Como en lacrosse. Cuando uno de los tipos de más edad miraba a Aaron y le daba su aprobación con una inclinación de cabeza. Aunque Aaron vivía en Sparta y no con ellos, en la reserva. Aunque la madre de Aaron era blanca y las madres de los demás la despreciaban. (¿Cómo sabía eso Aaron? Lo sabía.) Lacrosse era el juego de la salud. Lacrosse era el juego de la guerra. A lacrosse no podía jugar cualquiera: a las chicas les estaba prohibido. Incluso a las robustas chicas indias con buenos músculos que más se parecían a los chicos tampoco se les permitía. Los jugadores llevaban sus marcas de guerra con orgullo, cardenales y cicatrices, así como rodillas, tobillos y hombros que palpitaban de dolor, era un insulto que una tía empuñase un palo de lacrosse y todavía peor que saliera a la cancha deseosa de jugar. Aaron llevaba mucho tiempo oyendo relatos de jugadores de lacrosse de la reserva india de Herkimer County que habían sido elegidos por caza talen tos de equipos profesionales canadienses y los habían llevado a Canadá con todos los gastos pagados para jugar a lacrosse y ganarse la vida con eso. Tenían que renunciar a la ciudadanía estadounidense y hacerse canadienses, cosa que estaban dispuestos a hacer sin el menor problema.
Ahora, sobre todo, que ya era mayor y estaba en el instituto, se esperaba de Aaron que trabajara más horas en el taller de reparaciones de su padre. No había tiempo para lacrosse. No había tiempo para hacer los deberes. Las tareas que le mandaban en clase las dejaba en el instituto. Zoe protestaba diciendo que su hijo era demasiado joven para estar trabajando como un condenado ayudante de mecánico en el garaje, que no era más que un crío, ¿qué tal estaría que de verdad aprendiera algo en clase, terminara la enseñanza secundaria y consiguiera un título superior en alguna universidad local? Delray dijo que él nunca había terminado sus estudios en el instituto y menos aún en ninguna universidad y Zoe respondió Sí, en efecto, y ésa es la razón de que nuestro hijo no tenga que tomarte por modelo.
Delray se echó a reír ¿Y quién tendría que ser ese «modelo», estás pensando en ti misma?
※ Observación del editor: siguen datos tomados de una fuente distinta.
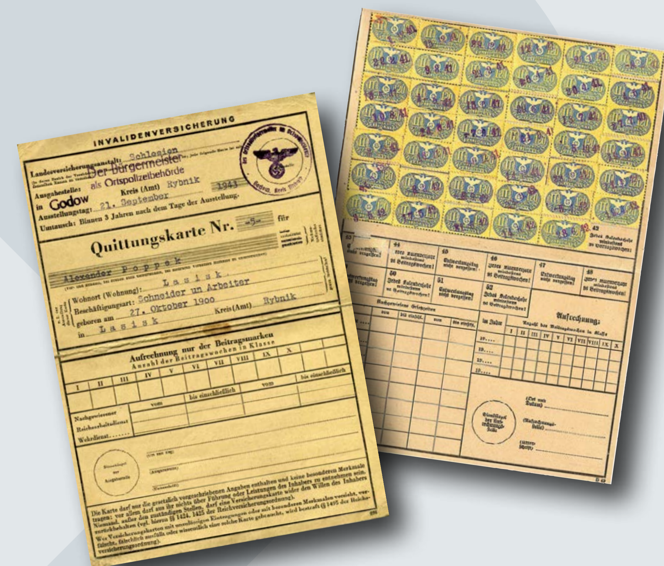
Receipt card confirming payment of compulsory insurance contributions, 1943. ZUS collections, Cęstochowa and Rybnik Branch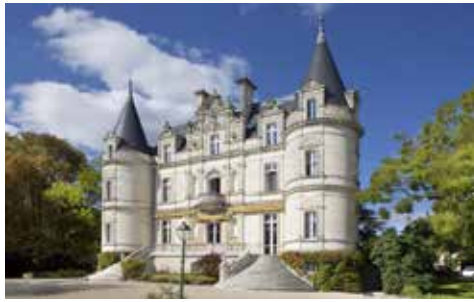
The Domaine de la Tortinière

The Domaine de la Tortinière is a beautiful 4-star hotel at the heart of the Loire châteaux region. Set in a magnificent wooded park that overlooks the Loire Valley, the hotel boasts many amenities including the château's terrace, tennis court, heated swimming pool, billiard room, massage room and sauna, and boats for drifting along the Indre River.

A Zoe le preocupaba que Aaron tuviera un accidente en el garaje. ¿Y si un coche o una motocicleta levantados con el gato se caían y le rompían una pierna? ¿O lo aplastaban? El garaje de Kruller no era ni mucho menos el mejor equipado en la zona de Sparta. De hecho ocurrían accidentes, en ocasiones los mecánicos se lesionaban. El mismo Delray tenía un dedo aplastado e insensible en la mano izquierda y otro en un pie, también el izquierdo, con la uña tan gruesa y amarilla como una pezuña, pero él se reía de tales lesiones y decía que al menos a él no le habían amputado nada como a algunos de sus amigos que habían estado en Vietnam. Nada irritaba tanto a Zoe como que su hijo, apenas adolescente, regresara a casa hundido de hombros como un hombre maduro, con el mono tieso de grasa y apestando a aceite, gasolina y sudor; Zoe insistía en que se lavara las manos y los antebrazos con un detergente poderoso y, antes de dejarle que se sentara para cenar, también insistía en limpiarle, con su lima metálica para uñas, la grasa negra que se le metía debajo, y en cortárselas con sus tijeras diminutas; incluso en limárselas cuando se le habían roto. A veces Aaron se presentaba en casa con la cara manchada de grasa como si fueran pinturas indias de guerra, y hasta con grasa en las pestañas y en el pelo. De manera que Delray se lo llevó a que se lo cortaran como a un recluta de infantería de marina. Delray se reía de los temores de Zoe: Sandeces. Aaron está perfectamente bien conmigo.